How to deploy from the CLI

You need archiva passwords in order to follow this procedure. Ask Andrew if needed.
  • Update the changelog.md file at the root of the repository whith changes that are going to be deployed.
  • Prepare deployment (change pom.xml files, push to git):
mvn -Duser.name=YOUR_WIKITECH_USERNAME release:prepare
  • Check everything looks Ok:
cat release.properties
  • Actually deploy (jar generation and uploads to archiva)

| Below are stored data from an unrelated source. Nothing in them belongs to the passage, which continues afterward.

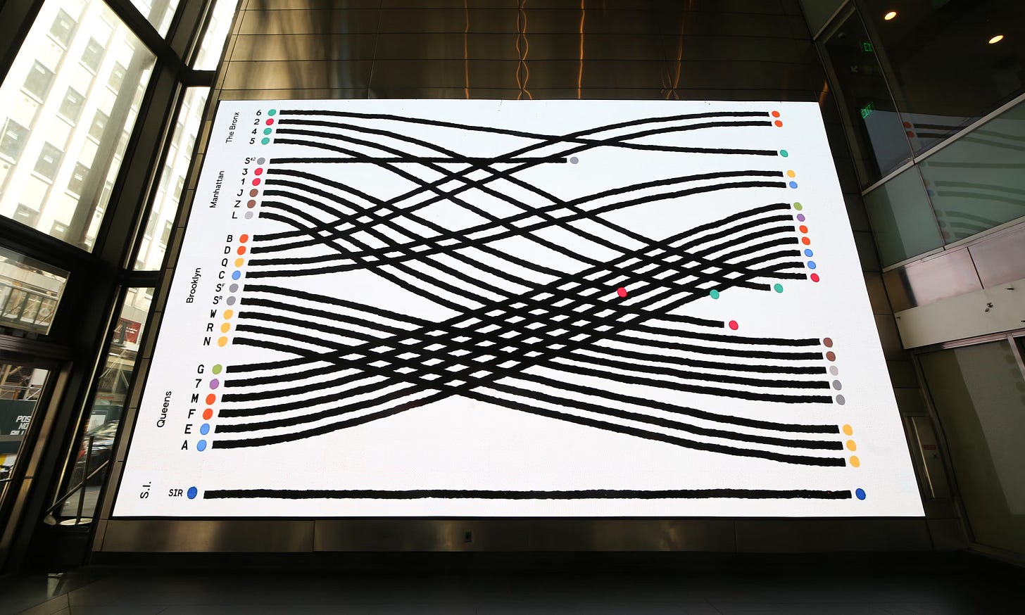 이 프로젝트는 ‘MTA 예술 및 디자인(MTA Arts & Design)’ 설립 40주년을 기념하기 위해 선보인 작품이에요. 뉴욕의 디자인 에이전시, ‘펜타그램(Pentagram)’의 파트너 조르지아 루피(Giorgia Lupi)가 리드했죠. MTA 예술 및 디자인은 뉴욕의 지하철과 같은 대중 교통에 시각 및 공연 예술을 녹여내 대중 교통 이용을 장려하는 기관이에요. 뉴욕 지하철 역사에 흔하게 보이는 아트 피스나 공연들 대부분이 MTA 예술 및 디자인이 주도한 것들이죠.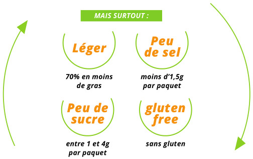 Son format « poche » de 70 grammes ultra pratique et nomade se glisse facilement dans un sac pour prévenir les petites fringales du quotidien. Ce sachet sera également idéal au moment de l’apéritif pour un moment de partage et de convivialité entre amis !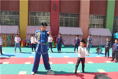 进入英国威廉集团附属幼儿园后,园长向老师和同学们介绍了幼儿园孩子们的情况和注意事项,志愿者们纷纷表示将会以最大限度的调动孩子们的积极性并树立他们的自信心。他们与孩子们聊天、玩耍,并为孩子们献上了精彩的武术表演,高难度的武术动作赢得了孩子们的喝彩和掌声。他们手把手的教给孩子们简单的武术动作,在教授孩子们武术动作的同时也让孩子们了解到中国传统武术,引导孩子们初步接触和了解了中华武术传统文化,一方面可以使孩子们从小培养出以爱国主义为核心的尚武精神和武德情操;另一方面也可以加强学生们的安全防护教育,增强孩子们强身健体的意识,提高了锻炼身体的积极性,强身健体的同时还能培养孩子们的坚强意志品质,塑造完美的人格。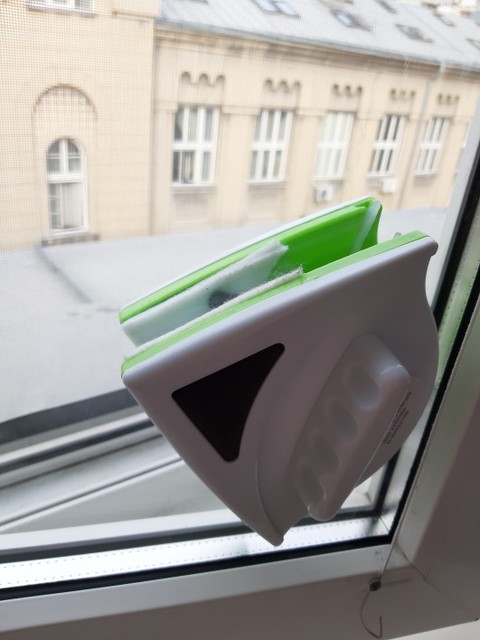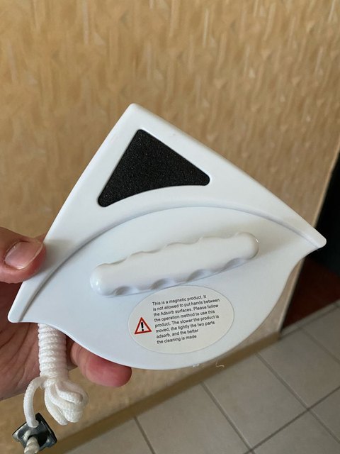 Великолепная щётка, с моим двойным стеклопакетом справился отлично. Магнит очень мощный, муж не знал и при смыкании прищемил до синяка палец, щётка примагнитилась даже к двери (4см), но при движении падает. Мыть удобно, не тяжело, справляюсь без помощи мужа. доставка не супер мега быстрая, но я ей довольна.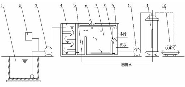 氣浮裝置的工作原理是在一定條件下,將大量空氣溶于水中,形成溶氣水,作為工作介質(zhì),通過釋放器驟然減壓,快速釋放,產(chǎn)生大量微細(xì)氣泡粘附于經(jīng)過混凝反應(yīng)后廢水中的“礬花”上,使絮體上浮,同時用刮渣機刮除,從而迅速地除去水中的污染物質(zhì),達(dá)到凈水的目的。 產(chǎn)品特點 1、裝置廣泛應(yīng)用于造紙、印染、制革、電鍍、紡織、石油、化工、食品等相對領(lǐng)域; 2、在給排水處理工藝中對固液、液液和比重近于水的微小懸浮物的進(jìn)行去除; 3、占地面積小,單位面積產(chǎn)水量高,渣體含水率低; 4、溶入的氣體經(jīng)驟然減壓釋放,產(chǎn)生的氣泡不僅微細(xì)、粒度均勻,密度大,而且上浮穩(wěn)定,對液體擾動微小,特別適用于對疏松絮凝體、細(xì)小顆粒的固液分離; 5、加壓條件下,空氣溶解度大,供氣浮用的氣泡數(shù)量多,能夠確保氣浮效果; 6、部分回流式處理效果顯著、穩(wěn)定、并能較大的節(jié)約能耗; 7、工藝過程及設(shè)備簡單、造價低、便于管理和維護(hù); 8、設(shè)備調(diào)試后,正常運行可達(dá)到自動化無人管理狀態(tài)。 適用范圍 1、電鍍廢水重金屬離子,如鉻、鋅、銅、鎳、鉛等總含量在50ppm以下,去除率均70%以上; 2、印染廢水的色度去除達(dá)90%左右,COD去除率達(dá)60~70%左右,BOD去除率達(dá)50%左右; 3、食品屠宰和制革廢水的COD去除率達(dá)70%左右,懸浮固體去除率達(dá)90%左右; 4、煉油廢水的油脂,可降到10mg/L以下,廢水能達(dá)到澄清程度; 5、對化工廢水和顏料油漆等,COD去除率達(dá)74%,色度去除率達(dá)93%左右; 6、造紙白水的纖維回收率可達(dá)95%左右,COD去除率達(dá)86.7%左右,清水完全回用; 7、大池沐浴水濁度可穩(wěn)定在10℃以下,水中的細(xì)菌有較大幅度下降; 8、生活飲用水及工業(yè)的濁度可凈化的5℃以下,同時對色度耗氧量降低有良好的效果。 工藝說明 本設(shè)備的工作方法屬于加壓溶氣氣浮法,其工作原理:在一定條件下,將大量的空氣溶于水,形成溶氣水,作為工作介質(zhì),通過釋放驟然減壓,快速釋放,產(chǎn)生大量的微細(xì)氣泡,粘附于經(jīng)過混凝反應(yīng)后的廢水中的"礬花"上,使絮體上浮進(jìn)行清除。 1. 調(diào)節(jié)池 2. 投凝劑設(shè)備 3. 污水泵 4. 折板聚凝池 5. 釋放器 6. 刮渣機 7. 氣浮池 8. 溶氣水存放池 9. 污泥池 10. 溶氣水泵 11. 溶氣罐 12. 空壓機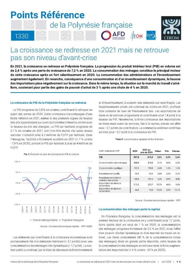En 2021, la croissance se redresse en Polynésie française. La progression du produit intérieur brut (PIB) en volume est de 2,4 % après une perte de croissance de 7,2 % en 2020. La consommation des ménages constitue le principal moteur de cette croissance après un fort ralentissement en 2020. La consommation des administrations et l’investissement augmentent également. En revanche, conséquence d’une consommation et d’un investissement dynamiques, la hausse des importations pèse négativement sur la croissance. Dans le même temps, la situation sur le marché du travail s’améliore, soutenant pour partie des gains de pouvoir d’achat de 3 % après une chute de 4 % en 2020.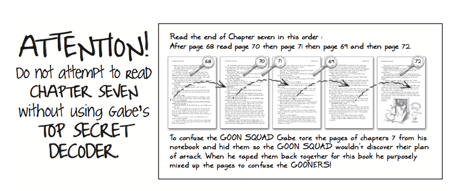 In an attempt to fool The Goon Squad, Gabe mixed up his journal, just in case they found the plans that were coming up to do a SUPER prank! If you have the book, check it out, Chapter 7 holds MUCH mystery and the way it is put together is simply GENIUS... ahem, uh, okay.... thanks for reading!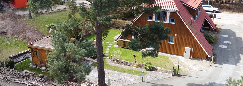 Nach dem Ortskern fahren Sie parallel zum Seedeich (bitte lassen Sie sich nicht vom Ortsausgangsschild irritieren). Hinter der Ostseekurklinik biegt die Straße rechts ab. Dort befindet sich unmittelbar das Wohngebiet KIEK ÖVER. Das Haus 26 A erreichen Sie über die dritte Einfahrt links.
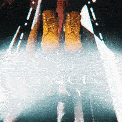 For this animation I basically found a pair of shoes standing facing forward and brought in a texture for the “ground” and adjusted it in 3D space to make it match the perspective of the feet. I then used a similar texture (or maybe the same one!) and applied Stretch to it and animated the movement to make it feel like an escalator or moving walkway. I added in some light flares that would hit as certain portions of the texture passed certain parts of the screen, which helps give it a bit more heft in terms of the perceived movement.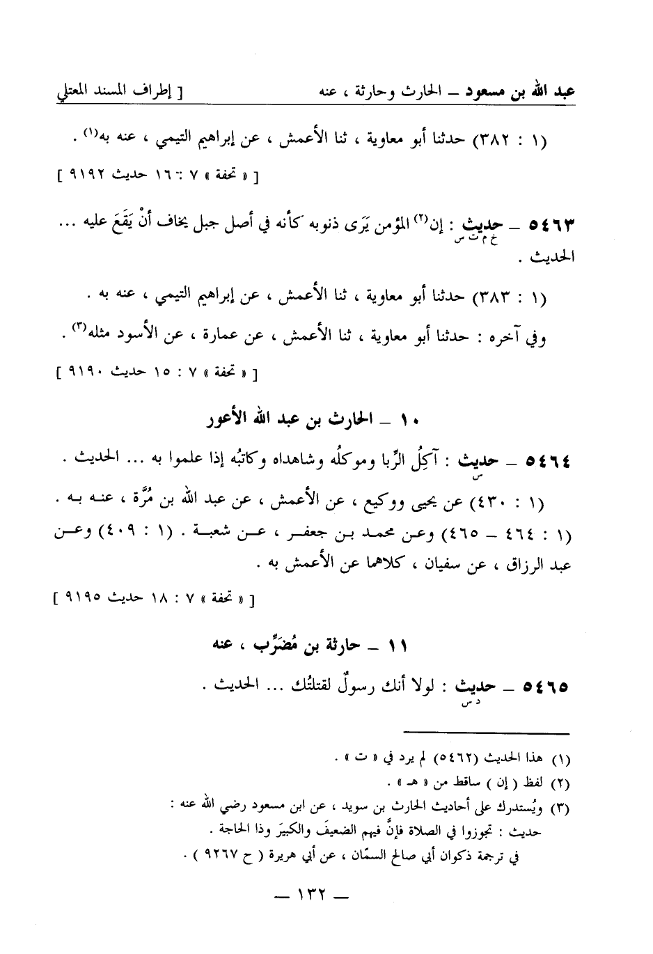5464 -[س] حديث آكل الربا وموكله وشاهداه وكاتبه إذا علموا به ... الحديث. (1: 430) عن يحيى ووكيع، عن الأعمش، عن عبد الله بن مرة عنه به. (1: 464 - 465) وعن محمد بن جعفر، عن شعبة (1: 409) وعن عبد الرزاق، عن سفيان، كلاهما عن الأعمش به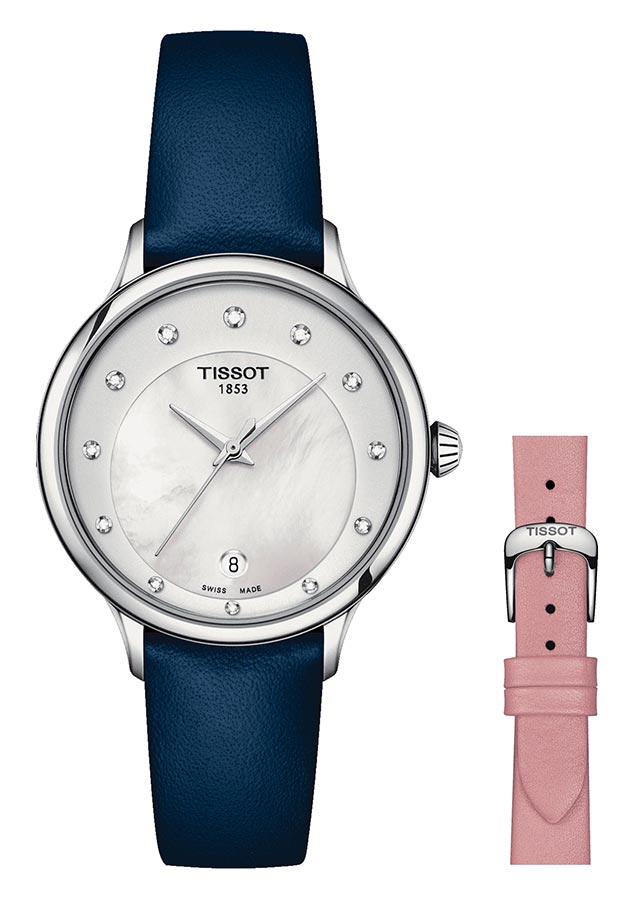 Švýcarské dámské hodinky Tissot Odaci-T T133.210.16.116.00 jsou exkluzivní model s bezchybně zářícími diamanty Top Wesselton, který má tu čest se čerstvě objevit v jedné z kolekcí Tissot Odaci-T. Časomíra vzbuzuje obdiv ušlechtilými ornamenty, elegantní barevnou kombinací, ale i jedinečnou architekturou, ve které dominují netradiční ovály. Pro ženy, které si cení třídy a harmonie, je to návrh šitý na míru! Co dalšího tento model nabízí? Možnost jednoduché výměny popruhu, díky které si jej uživatel může sestavit podle outfitu a nálady, má k dispozici druhý, přídavný popruh, který je součástí sady. Tímto způsobem Tissot nabízí až dvoje hodinky v jednom! Jeden na řemínek v módním a odvážném odstínu chrpově modré a druhý v pastelově růžové.

mvn -Duser.name=YOUR_WIKITECH_USERNAME release:perform
  • Download the new version of the jars from archiva ( Warning: git fat uses IDs to manage files, so it is important to use the correct jars.). For convenience, the commonly updated jars are:
  • NOTE: to download, click on the new version you just created, then Artifacts, then copy the link to the jar and update 127.0.0.1:8080 with archiva.wikimedia.org and download that
  • Copy the updated jars to the correct refinery path (somewhere like <refinery>/artifacts/org/wikimedia/analytics/refinery/)
  • Update the symlinks in refinery/artifacts to the jars you just copied
  • Make sure git fat is installed and configured according to the instructions in the Refinery README
  • git add . && git commit (git fat will do some magic and replace the jar with a one-line id)
  • push for review

Please see the refinery page to deploy the jars and oozie code.